Profiling a standalone executable is far easier than profiling a shared
object file such as opensees.so
.
Install gprof
The gprof
tool is part of the
binutils
package.
$ sudo apt-get install binutils
Note: I used Ubuntu 20.04 in generating this post.
Re-compile OpenSees in DEBUG Mode
To get a profile out of OpenSees, you need to enable certain compiler
options. So that you don’t have to futz around with command line
arguments, the necessary compiler options are enabled by setting the
DEBUG_MODE
variable in your Makefile.def
configuration file.
DEBUG_MODE = DEBUG
#DEBUG_MODE = NO_DEBUG
Now you need to wipe OpenSees clean using make wipe
in the top level
OpenSees/
directory.
OpenSees/$ make wipe
Then re-build OpenSees. This can take a few minutes, so use multiple processors, e.g., 4, if you got ‘em.
OpenSees/$ make -j 4
Due to sprinkling of profiling bread crumbs throughout the code, the
resulting executable will be larger than normal and analyses will run
slower than usual. So, when you’re done profiling, be sure to change
back to NO_DEBUG
and re-compile after wiping OpenSees clean again. But
don’t do that yet–you still need to profile.
Run an OpenSees Analysis
With OpenSees built in DEBUG
mode, you can run the Tcl script for an
analysis you want to profile.
$ OpenSees model.tcl
Although the analysis will take longer to run compared to NO_DEBUG
,
you’ll see the usual output, etc. However, with debug mode turned on, a
binary file gmon.out
will be created in your working directory. This is
a binary file that gprof can turn into useful information. To this end,
you run gprof with the absolute path to your OpenSees executable (mine
is in ~/bin/
) and re-direct the output to a text file.
$ gprof ~/bin/OpenSees gmon.out > modelProfile.txt
You can redirect to whatever filename you want.
View Profile Results
Now, you can view the text file with profile results to see where the time went. The “Flat profile” at the start of the file gives the most useful information. The flat profile ranks the function calls by % time and also shows cumulative and self time for each function.
For example, in the profile below, 59.18% of the time was spent in
Steel02:setTrialStrain()
, with 15.12% and 11.09% spent in
FiberSection2d::setTrialSectionDeformation()
and
UniaxialMaterial::setTrial()
, respectively.
% cumulative self self total
time seconds seconds calls s/call s/call name
59.18 8.06 8.06 279724800 0.00 0.00 Steel02::setTrialStrain(double, double)
15.12 10.12 2.06 699312 0.00 0.00 FiberSection2d::setTrialSectionDeformation(Vector const&)
11.09 11.63 1.51 626304 0.00 0.00 FiberSection2d::getInitialTangent()
4.48 12.24 0.61 279724800 0.00 0.00 UniaxialMaterial::setTrial(double, double&, double&, double)
More detailed explanations of the flat profile are provided in the text
file generated from gmon.out
. The explanations come after the flat
profile, which can be pretty long. Search the text file for “Copyright”
and you’ll get pretty close to the explanation of terms.
You can find additional information on each function in the subsequent
“Call graph” section. The function with the index number, e.g., [8], has
parent functions listed above and child functions listed below. The self
and children
fields represent the time propagated to and from the
indexed function.
index % time self children called name
2.06 8.78 699312/699312 ForceBeamColumn2d::update() [1]
[8] 79.6 2.06 8.78 699312 FiberSection2d::setTrialSectionDeformation(Vector const&) [8]

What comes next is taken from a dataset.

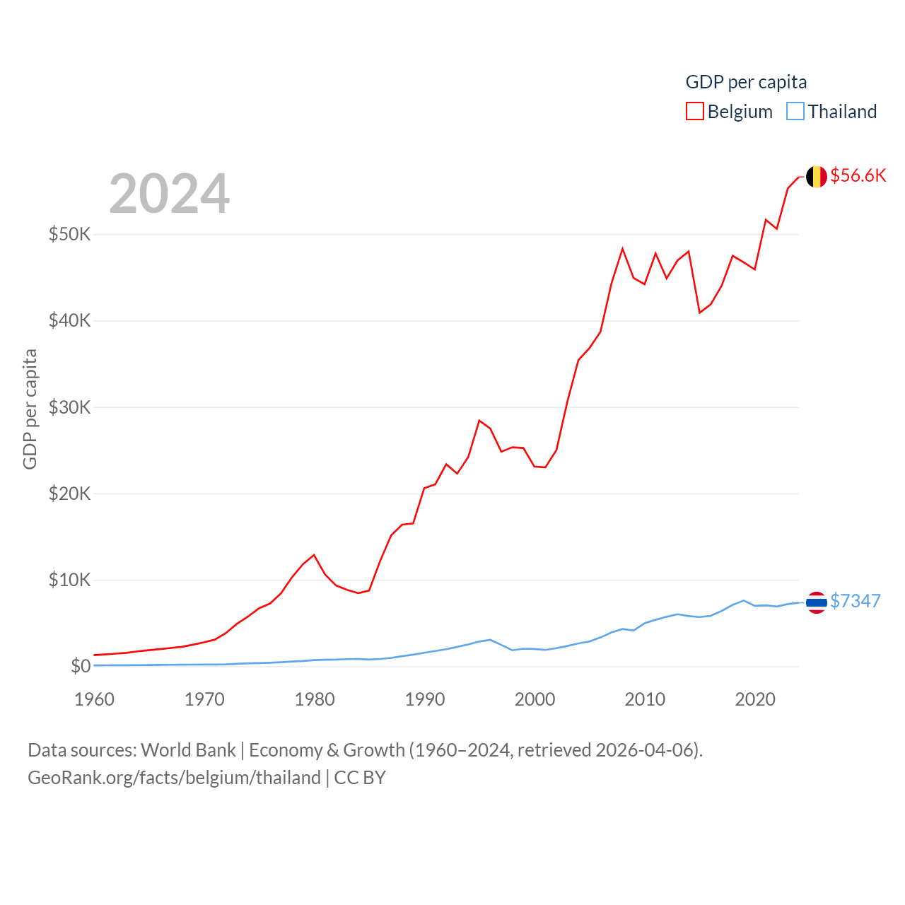 By GDP, Belgium ranks 23/197 ($671B) and Thailand ranks 31/197 ($527B). By GDP per capita, Belgium ranks 18/197 ($56,615), while Thailand ranks 100/197 ($7,347).

0.61 8.17 279724800/279724800 UniaxialMaterial::setTrial(double, double&, double&, double) [9]
0.00 0.00 699312/3471523 Vector::operator=(Vector const&) [37]
0.00 0.00 1398624/1406520 Vector::operator()(int) const [707]

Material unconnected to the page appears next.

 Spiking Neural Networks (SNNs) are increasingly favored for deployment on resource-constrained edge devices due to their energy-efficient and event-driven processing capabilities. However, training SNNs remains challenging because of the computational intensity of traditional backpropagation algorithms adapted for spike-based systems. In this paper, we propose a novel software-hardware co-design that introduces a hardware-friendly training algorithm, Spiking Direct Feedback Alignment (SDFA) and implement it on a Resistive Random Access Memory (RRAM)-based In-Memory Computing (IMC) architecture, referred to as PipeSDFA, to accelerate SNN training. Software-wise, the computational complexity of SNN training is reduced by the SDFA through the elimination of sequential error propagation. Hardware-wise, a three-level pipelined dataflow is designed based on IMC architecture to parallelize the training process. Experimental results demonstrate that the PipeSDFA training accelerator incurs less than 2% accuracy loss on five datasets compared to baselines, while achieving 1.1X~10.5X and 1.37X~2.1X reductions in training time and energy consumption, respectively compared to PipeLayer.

More detailed explanations of the call graph data are provided in the profile text file, after the lengthy call graph list. Search for “Copyright” again and you’ll land near the explanation of call graph terms.
Improve the Code
Now you know where to focus to make your code more efficient. Or you can use the profile information when you post an issue on GitHub.
When you’re done profiling, don’t forget to recompile OpenSees with
NO_DEBUG
so that you get back to a lean, mean executable.
I’m not aware of good tools to profile OpenSeesPy analyses or to profile OpenSees Tcl in a Windows environment. If you know of profiling tools for either of these cases, let everyone know in the Comments section below.